Somebody mentioned the Fuji kit zoom in an earlier post in this thread. That's an 18-55/2.8-4 and because it's for a mirror-less system it's smaller and lighter than similar DSLR lenses. It's an excellent lens, probably the best 18-55 in the business, but it's in a much higher price bracket than the Pentax 18-55's. It's around $700, but sells for $400 if you buy it with a new Fuji body. It's been their only kit lens for two years, but they've recently chosen to offer a 16-55/2.8WR and an 18-135/3.5-5.6WR as well. Soon to be available. So it looks like they're diversifying their 'kit' lens products too.

Why focus on and worry about whether a Zoom is constant aperture or not? It used to matter back in the pre-TTL flash days, because you had to recalculate your aperture for flash photography if you zoomed a variable aperture zoom. So, the "pro" lenses all became constant aperture lenses. In these days of flash automation, I can't really see why it matters.

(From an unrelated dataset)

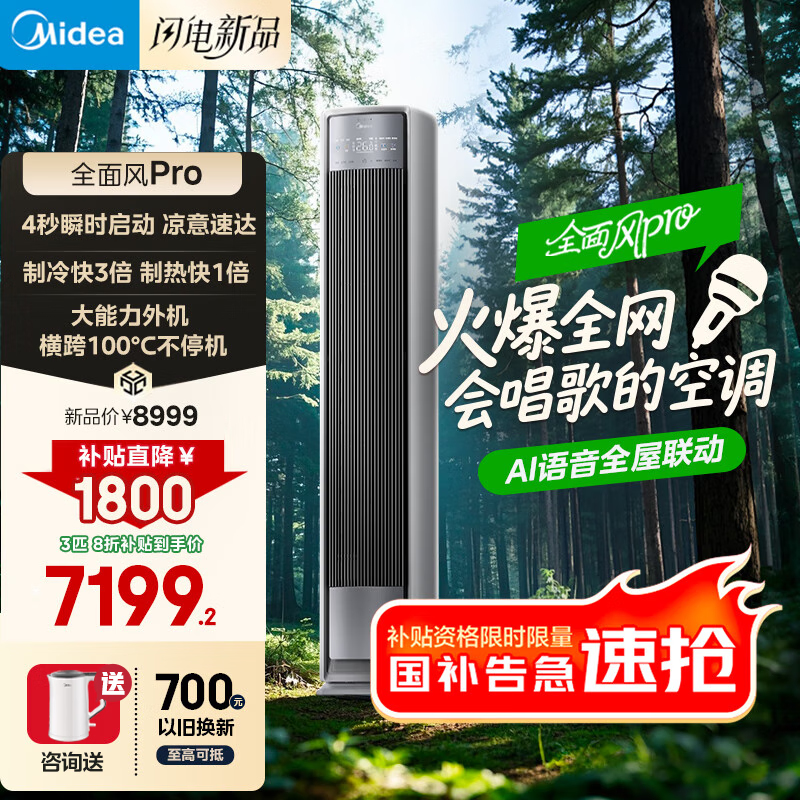 美的空调 全面风 风尊二代 立式柜机 新一级能效变频冷暖 家用客厅2025新品 家电以旧换新国家补贴20% 全面风Pro 大3匹 AI语音

It's just annoying that inconstant aperture causes a communication problem between you and the camera. You set your camera for a particular scene, setting, let's say, f/4. Let's say that that's your available widest aperture at that FL. You then zoom in and get stopped down to f/5.6. It annoys you that you now have excess DOF. You then zoom all the way back out, but you're still at f/5.6 because your camera doesn't know that you want to shoot the wide angle shot at ISO 100 rather than ISO 400, and want the addtional light of f/3.5 rather than having any requirement for DOF at that point. Even if your camera thinks to put you back at f/4 or tracks the edge down to f/3.5, this may still not be what you're intuitively expecting the camera to do, and it's just one more thing to occupy your mind while you're trying to fix a gazillion other things. Yes, arguably it is a flaw in the way we think about aperture, and maybe we should just take a chill pill, but it looks like it's here to stay.